Last year, Truthout launched a new column, "Solutions: Making Government Work," written by Dina Rasor. As a longtime investigator, Rasor has exposed fraud against the federal government through journalism, transparency advocacy and whistleblower lawsuits to recover money back to the federal Treasury. The Solutions column was created to take her 30-year knowledge of why the government wasn't working and, slice by slice, come up with realistic solutions to fix long-term problems. The column spent its first year looking at solutions for government agencies such as the Federal Emergency Management Agency, the Securities and Exchange Commission and the Pentagon. These solutions were offered up as reforms during the time both political parties claimed that they were interested in governance to make the government work better. The Department of Defense Director of Defense Pricing, Shay Assad, has started a dialog with Rasor about one of her columns on how to fundamentally change the pricing of weapons to save billions of dollars.
However, during the course of writing weekly columns on fixing government, it has become more and more clear that any legislative and executive branch attempts to reform the system can be easily thwarted by the large influence of money in the system. Even though the Solutions column offered realistic solutions for reform, it has become obvious, more now than in the past, that the burgeoning problem of influence peddling with money will doom real reform. In this presidential election year, it is virtually impossible to expect serious governance from our elected and appointed officials in the federal government.
Therefore, the Solutions column will spend the rest of this year, until the election, following the money that keeps realistic reform from succeeding and concentrate on exposing and explaining how self-dealing is the No. 1 problem that is preventing our government from working. Self-dealing is a term usually used in business when a fiduciary makes decisions that are in his or her own self-interest instead of the company's. So, the Solutions column will look at our federal "fiduciary agents" and follow where the money is going, who it is buying and how the government is affected by the self-dealing corruption. There are many journalistic efforts this year to expose campaign contributions to see where they are from and where they are going through databases and aggregate numbers. The Solutions column will, instead, follow specific examples of individuals who are self-dealing for money for campaigns or jobs outside the federal government and follow the self-dealing trail to see how various parts of the government have been corrupted or injured by the self-dealing.

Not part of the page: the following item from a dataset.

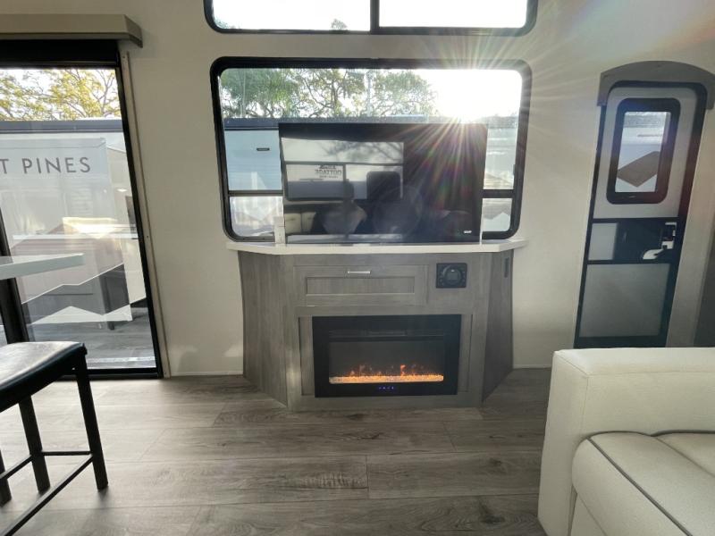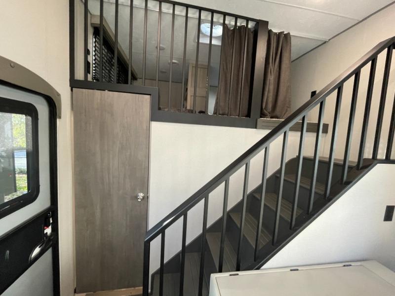 This unit with dual lofts and tons of sleeping space is ideal for a larger group! Lofts at either end of the unit overlook the living area and have a total of five bunk mats, with four 42" x 74" and one smaller 28" x 74". Downstairs there's a private bedroom with a queen bed and fireplace. The main living area has a huge hide-a-bed sectional sofa so you can fit even more guests, or just relax and watch the TV on the power lift in the entertainment center. The kitchen is well-equipped with a french door refrigerator, microwave, and pantry. The centerpiece here is a kitchen island with a deep basin farm-style sink and bar stool seating so your group can gather together and make new memories! The full bath in the rear has a roomy 48" x 30" shower with glass door, and a linen closet.

Today, we published the first article in the new series: "Self-Dealing in Government: No. 1 Impediment to Reform"
As we continue the series, Truthout readers are encouraged to send in suggestions of self-dealing to Dina Rasor at email@example.com to investigate.
Realistically, we know that this is a huge problem with no instant fixes, but let's get started exploring just what this pernicious money problem is doing to our democracy, one self-deal at a time.